Building a Distributed Generic Recommender Using Scalable Data Mining Library

Building a Distributed Generic Recommender Using Scalable Data Mining Library Recommender systems produce list of recommended items through content based or collaborative or hybrid combination of these two approaches. The paper presents a generic approach for performing collaborative filtering using data mining techniques to discover relationships among users and items. Using generic model techniques a single recommender system can produce recommendations about a variety of items. The methodologies reported for development of recommender systems are not efficient for generic application. The difference in the implementations of recommender depends upon how they analyze the big input data to recognize the similarity between users and items that indicates the relevant preferences for that user.

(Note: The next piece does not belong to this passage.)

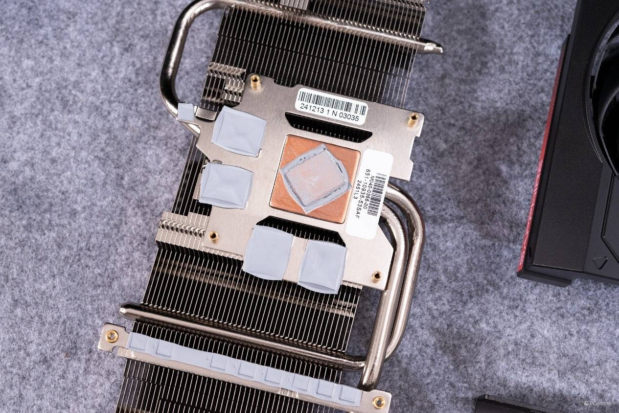 散热模组采用铜底直触设计,显存和供电DrMos芯片上覆盖有高导热系数的硅脂,能够有效传导热量。

Generic user based recommender works with data model encapsulating recommender input data in Apache Mahout which is extensible data mining library. The recommender system framework can use any similarity metric. We have chosen Pearson correlation because the computation would be fast. One of the parameters of user based recommender is User-Neighborhood. Fixed-size Neighborhood has the advantage that the recommendations are based on fewer similar users. Hadoop software library allows distributed processing of big data across multiple clusters of nodes. The paper describes an implementation using Apache Mahout and Hadoop and also explores feasible augmentation that can enhance efficiency of recommendation. This paper reports successful implementation of generic recommender.